Ich hatte einen Termin im Palast.“
Im Palast?“ echote Micky besorgt. Sie wusste, dass Finnigan theoretisch einen Anspruch auf den britischen Thron hatte, da er das letzte lebende Mitglied des Hauses Tudor war. Und somit wäre er der rechtmäßige Herrscher, da er ein entfernter Verwandter von Elisabeth I. war. Die Windsors herrschten nur aus dem Grund, da die jungfräuliche Königin ohne offizielle Nachkommen verstorben war, und neue Herrscherhäuser den Thron Englands bestiegen hatten. Micky hatte immer die Befürchtung, dass Finnigan irgendwann auf die verrückte Idee kommen könnte den Thron zu beanspruchen. Daher wurde sie immer stutzig, wenn Finnigan den Palast oder die Royals erwähnte.
Keine Sorge, Honey. Mir steht nur eine höhere Apanage zu, wenn ich erst einmal verheiratet bin. Der Schatzmeister ist so überaus korrekt und, my goodness, so überaus steif. Er will über alles und jedes informiert werden. Das könnt ihr euch gar nicht vorstellen."
Duncan und Connor schmunzelten über Finnigans Bemerkung und sagten wie aus einem Munde: „Oh doch, können wir. Sehr gut sogar!“ Selbst Methos musste nun ein Lachen unterdrücken. Als er ein junger Mann gewesen war, hätte seine Lordschaft froh sein können, wenn er zur Hochzeit eine zusätzliche Ziege bekommen hätte. Aber heute bekam man eine Apanage.

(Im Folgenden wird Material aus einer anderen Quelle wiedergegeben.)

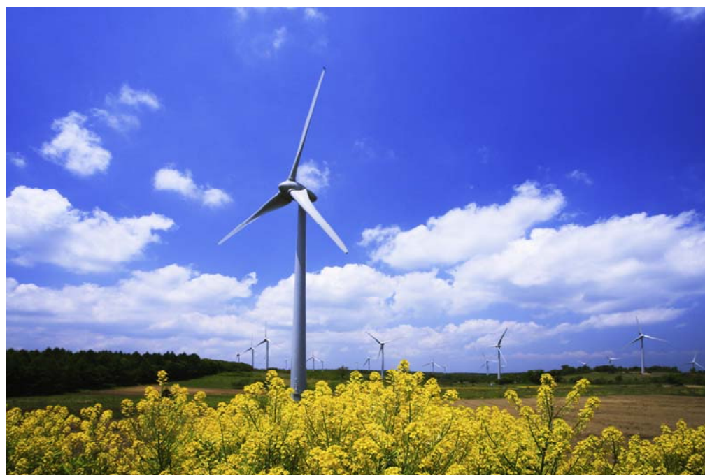
「菜の花の咲く頃」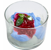
⑰ 青の余韻 ~マスカルポーネと紅茶~ イタリア亭 Ricordo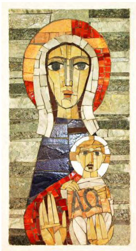
Bild: Martin Manigatterer (Foto) / Künstler unbekannt In: Pfarrbriefservice.de

fung auf eine ganz moderne Art: Meditation. Mit Maria schauen wir auf Jesus. Und wie Maria lernen wir Jesus kennen. Nicht schlimm, wenn Plätze frei bleiben bei den Andachten, wenn nur wir selbst hoffentlich dort nicht fehlen.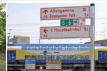
Mit dem Metronom zurück nach Hause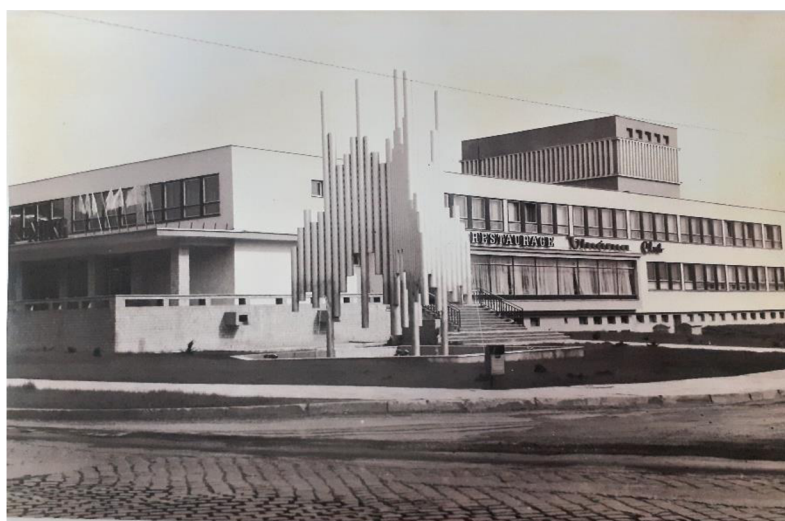
Obr. 3. – Finální podoba Kulturního domu Zábřeh (v 70. letech SZK ROH NHKG).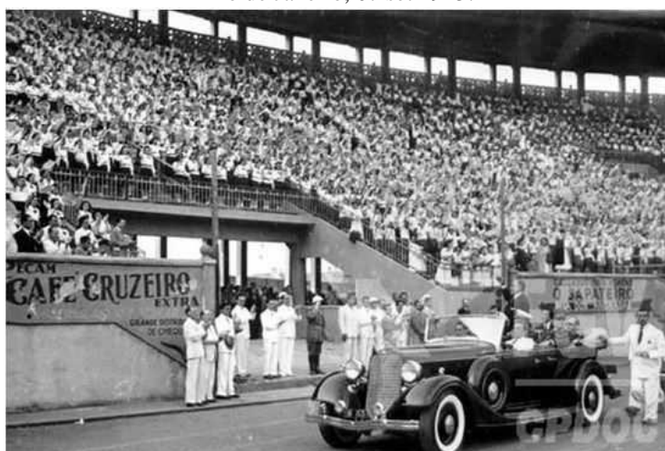
Figura 4 - Getúlio Vargas no Desfile da Juventude, Campo do Vasco da Gama. Rio de Janeiro, 07 set 1943.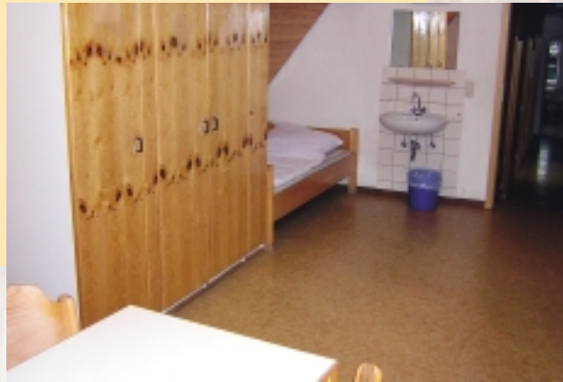
Mehrbettzimmer Haus Zion (Beispiel)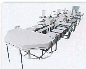
Tシャツ自動印刷機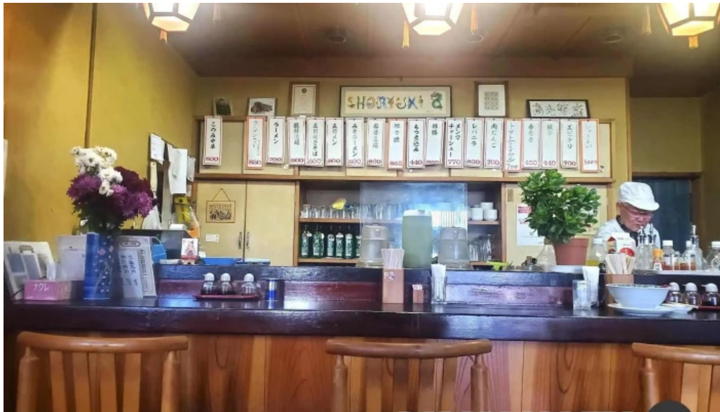
中華料理 小龍姫 雰囲気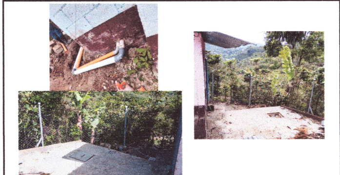
Foto 4: PARA EL CORRECTO FUNCIONAMIENTO DE LOS DOS SANITARIOS NUEVOS ES NECESARIO LA INSTALACION DE UN NUEVO SISTEMA DE DRENAJE YA QUE EL ACTUAL SON BAÑOS SEPTICOS.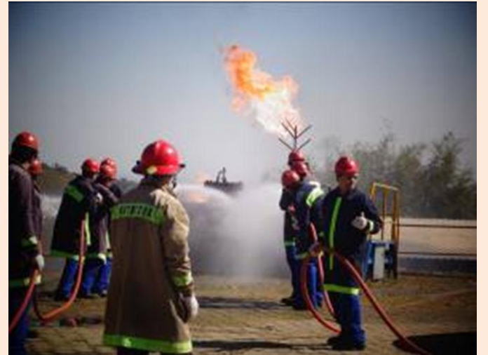
COMBATE: A pista adequada e com várias opções de treinamento possibilitou a equipe da Saint Gobain de se capacitar e manter prontidão para aplicações de medidas preventivas, bem como a de combate em caso de necessidade.

A unidade de Guarulhos (SP) da Saint Gobain já possui a Brigada de Incêndio constituída há tempo e o treinamento de capacitação proporcionou a integração de novos membros com treinamentos adequados e reciclagem aos demais.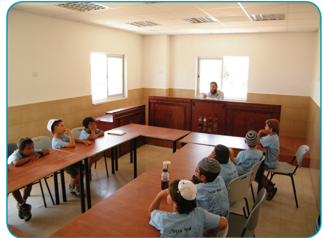
סיור לימודי בבית הדין בשדרות

את כל שאר המסמכים הקשורים לתביעה יש להביא לדיון הראשון. רצוי שכל צד יכין לעצמו בצורה מסודרת את הסיבות לתביעה, אם שני בעלי הדין הגיעו להסכמה להגשת טענות בכתב, הדבר אפשרי.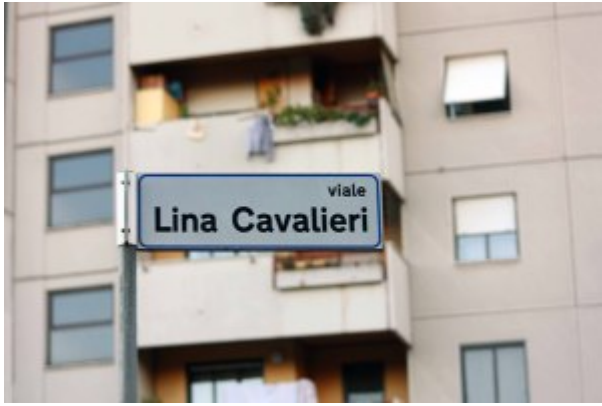
FOTO LINA CAVALIERI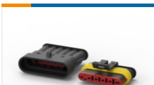
TE 产品编号282104-1 AMP SUPERSEAL 1.5MM, 连接器壳体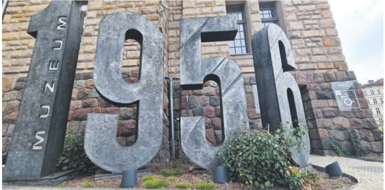
Muzeum Powstania Poznańskiego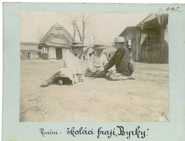
Rusíni : školáci hrají „byrky“

Denysova okresu Tarnopolského v Haliči K mužským hram a zábavám praktickým s oválných velikonočních na okraji kolem kostela nebo v bezprostřední blízkosti (v našem případě) a za účasti nečetného publika, naleží Vil. To hrají mladší v stáří od 16 let a jiní bývají nejvíce. Ku hrá se vidí jak vidno z obrázku, d. j. v křivce asi takového tvaru: Obíhají na této křivce a, b, c, ... h hráči po své se střídají za ním, každý hráč první a, jaksi více stojí čelem do svého středu, opačně stojí druhý ale na venek. Během první zrychlením krokem křivku dále zkrátí druhou jako vyčíslovanou, následkem čehož chasník b musí běžeti rychleji, chasník c opět rychleji než b ať se po posledních několikrát již právě zrovna ledí. (dokončení na obrázku č. 2) GESKE PRŮMYSLOVÉ MUSEUM Řehoř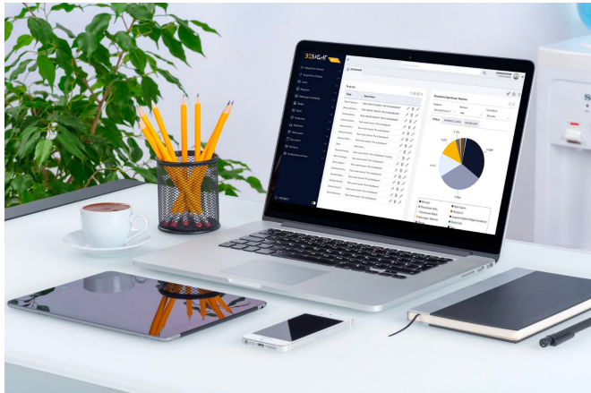
BeSight Now, Manufacturing ERP Solution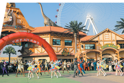
怀府恐龙园重磅打造明星文旅项目。

深化重点领域改革。聚焦党的二十届三中全会精神，坚持以经济体制改革为牵引，推动各项改革任务落实。巩固开发区“三化三制”改革成果，强化管委会政策制定、发展规划、行政审批等职能，加快形成市场主导、政府支持、高效运转的管理运营体制。稳妥推进农村改革，积极探索农业社会化服务新模式；以农村产权公开交易为突破口，发展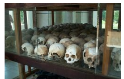
Миллиард расстрелянных лично Пол Потом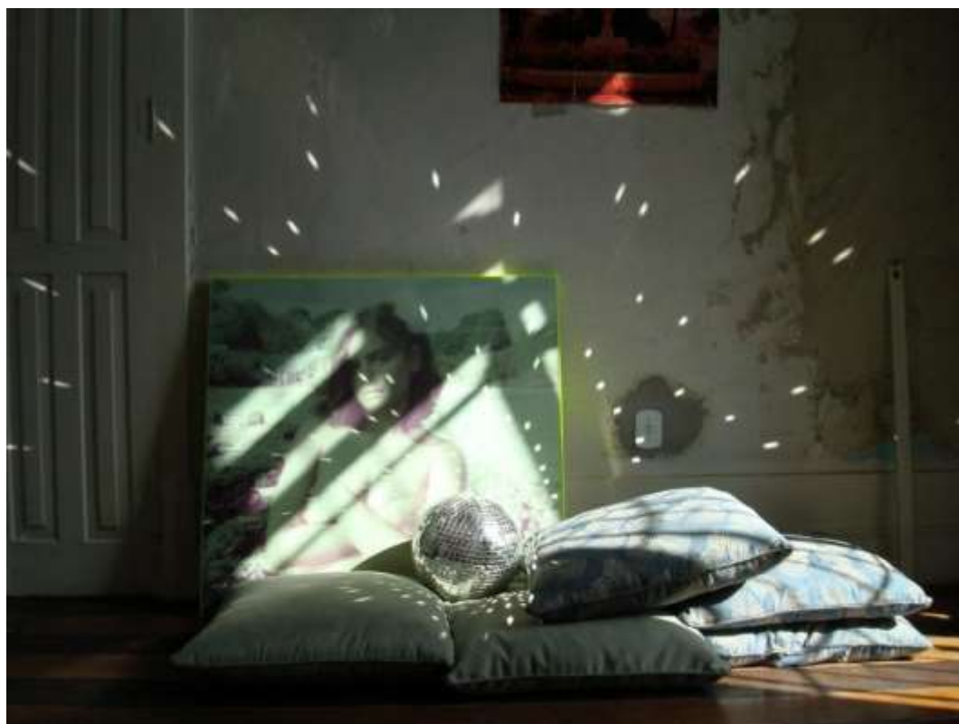
Orlando Maneschy – sem título – 2008.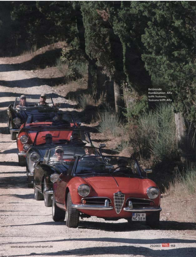
Betörende Kombination: Alfa trifft Toskana, Toskana trifft Alfa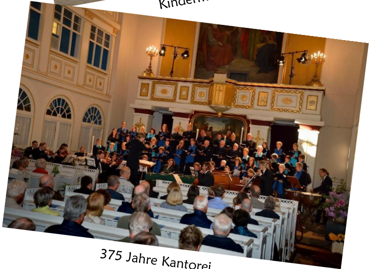
375 Jahre Kantorei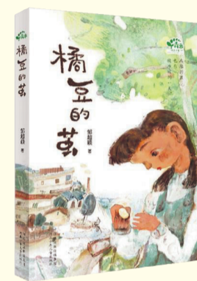
《橘豆的茧》邹超颖 著 河北少年儿童出版社 2022年4月出版

本书是常新港成长题材的全新儿童文学力作,聚焦当代老龄化、城市化背景下,发生在儿童及其周围人群间关于亲情伦理、成长抉择、对生命的认知等诸多问题。小说用写实的笔触展现当代家庭的复杂境遇,用生动的笔墨描摹北国鲜活的生活旧闻和充满生机的童年,巧妙借用过去和现在、城市和乡村、成人和孩子的多重视角,带领小读者穿越时空,进入广阔丰富的成长空间,获取有益的人生体验。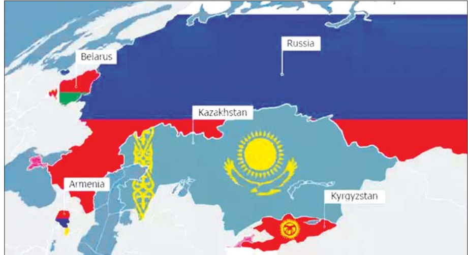
EURASIAN ECONOMIC UNION : RUSSIA, BELARUS, KAZAKHSTAN, ARMENIA, KYRGYZSTAN

INITIATIVE (BRI) နှင့် ချိတ်ဆက်ကာ ကုန်သွယ်ရေး၊ သယ်ယူပို့ဆောင်ရေးနှင့် ရင်းနှီးမြှုပ်နှံမှုများ တိုးမြှင့်လုပ်ဆောင်နိုင်ရေး ကြိုးပမ်းလျက်ရှိပါသည်။ ၂၀၁၈ ခုနှစ်တွင် EAEU-CHINA TRADE AND ECONOMIC COOPERATION AGREEMENT ကို လက်မှတ်ရေးထိုးခဲ့ပြီး ကုန်သွယ်ရေးအခွင့်အလမ်းများ ပိုမိုကျယ်ပြန့်လာခဲ့ပါသည်။ ထို့အတူ ရုန်ဟိုင်းပူးပေါင်းဆောင်ရွက်ရေးအဖွဲ့ (SCO) နှင့် လည်း နီးကပ်စွာပူးပေါင်းဆောင်ရွက်လျက် ရှိပါသည်။ ဗီယက်နမ်၊ ဆားဘီးယား၊ အင်ဒိုနီးရှား၊ အီရန်နိုင်ငံတို့ဖြင့် လွတ်လပ်သောကုန်သွယ်ရေး သဘောတူညီချက်များ (FTAs) ချုပ်ဆိုထားရှိပါသည်။ အိန္ဒိယ၊ အီဂျစ်၊ တူရကီနိုင်ငံများနှင့် စီးပွားရေး ဆွေးနွေးမှုများ ပြုလုပ်လျက်ရှိပါသည်။ ယခုအခါ EAEU သည် တတိယနိုင်ငံများနှင့် ပိုမိုကျယ်ပြန့်သော ကုန်သွယ်မှု ဆက်ဆံရေးများ၊ နိုင်ငံတကာ အဖွဲ့အစည်းများနှင့် ပူးပေါင်းဆောင်ရွက်မှုများ တိုးမြှင့်တည်ဆောက်နေပြီး ဥရောပ-အာရှတိုက် အတွင်း စီးပွားရေးတိုးတက်မှုအတွက် အဓိကအခန်းကဏ္ဍမှ ပါဝင်နေပါသည်။ စိန်ခေါ်မှုများရှိသော်လည်း ဒေသတွင်းနှင့် ကမ္ဘာ့စီးပွားရေးတွင် ၎င်း၏ဩဇာ လွှမ်းမိုးမှုကို ဆက်လက်တည်ဆောက်နိုင်ရန် စာမျက်နှာ ၉ သို့ ★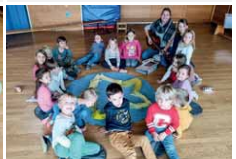
Der kleine Stern.

Wie viele Ziegen bekommt man denn inzwischen, wenn man heiratet, Finnigan?“ platzte es aus Methos heraus. Die anderen sahen ihn verwundert und mit offenen Mündern an. Micky reagierte zuerst. Sie holte aus und gab ihm einen Schlag vor die Brust.
Ignoriere ihn einfach, Finn. Seine Freundin hat mit ihm Schluss gemacht, weil Isis des Nachts bei ihnen im Schlafzimmer stand.“
Oh, die nette Ärztin, die dich betreut hat? Schade, sie war sweet“, meinte der Lord mit einer Spur von Bedauern. Methos zuckte lässig die Achseln, doch in Wahrheit machte ihm die Trennung von Isis… Ach nein, böser Methos. Er biss sich auf die Innenseite seiner Wange. Anne, sie hieß Anne, Herrgott noch mal. Isis tummelte sich wahrscheinlich mit ihrer Busenfreundin Amanda in deren Haus in Griechenland und verschwendete keinen Gedanken an ihren Ehemann, dessen Herz sie wieder einmal mit einer Dampfwalze geplättet hatte.
Methos, steig’ endlich ein’! Du schlägst schon Wurzeln im Asphalt!“ rief Micky ihm aus der Limousine entgegen. Er machte eine abfällige Handbewegung, stieg aber schnell ein. Mit einem „Plumps’ warf Methos sich auf den Sitz neben die Comtesse. Micky starrte ihn von der Seite an.
Was ist denn, Hochwohlgeboren?“ fragte er gereizt.
Himmel, hast du einen Liebeskummer! Das ist ja nicht mehr feierlich. Und ich wette meine goldene Haarbüste darauf, dass es nicht um Anne geht…“ Sie drehte seinen Kopf zu sich und starrte ihm tief in die Augen. Methos schüttelte ihre Hände ab und entzog sich schnell ihrem magischen Blick.
Du Hexe! Wie oft habe ich dir schon gesagt, dass du diesen Nostradamus-Scheiß bei mir lassen sollst?!“ Micky biss sich grinsend auf die Unterlippe.
Wann wirst du endlich über sie hinweg kommen, Methos? Sie ist nicht gut für dich.“ Er stöhnte.
Glaubst du, dass ich weiß ich selbst nicht am Besten?! Aber was soll ich denn machen?! Und überhaupt, wie war das mit dir und Darius?“ Nun starrte Methos Micky intensiv an. Sie drehte nun ihrerseits den Kopf ganz kurz, was Methos ein triumphierendes Lachen entlockte. „Ha! Da siehst du’s! Bevor du also mir wegen der hoffnungslosen Liebe zu meiner Frau ans Bein pinkelst, fass’ dir an deine Nase wegen Bruder Darius!“
Noch bevor Micky antworten konnte, griff Finnigan ein: „Pardon me, meine Freunde. Hier pinkelt überhaupt niemand irgendjemandem ans Bein. Die Sitze wurden kürzlich neu bezogen!“ Micky und Methos sahen sich kurz verdattert an und lachten dann lauthals los. Durch Finnigans typisch britischen Akzent - der wie Duncan immer noch behauptete, mit Weichspüler behandelt worden war – hörten sich seine Worte noch komischer an. „Was habe ich denn gesagt?“ Methos und Micky konnten nicht an sich halten. Lachend schlugen sie sich auf die Knie und wischten sich die Tränen aus den Augenwinkeln.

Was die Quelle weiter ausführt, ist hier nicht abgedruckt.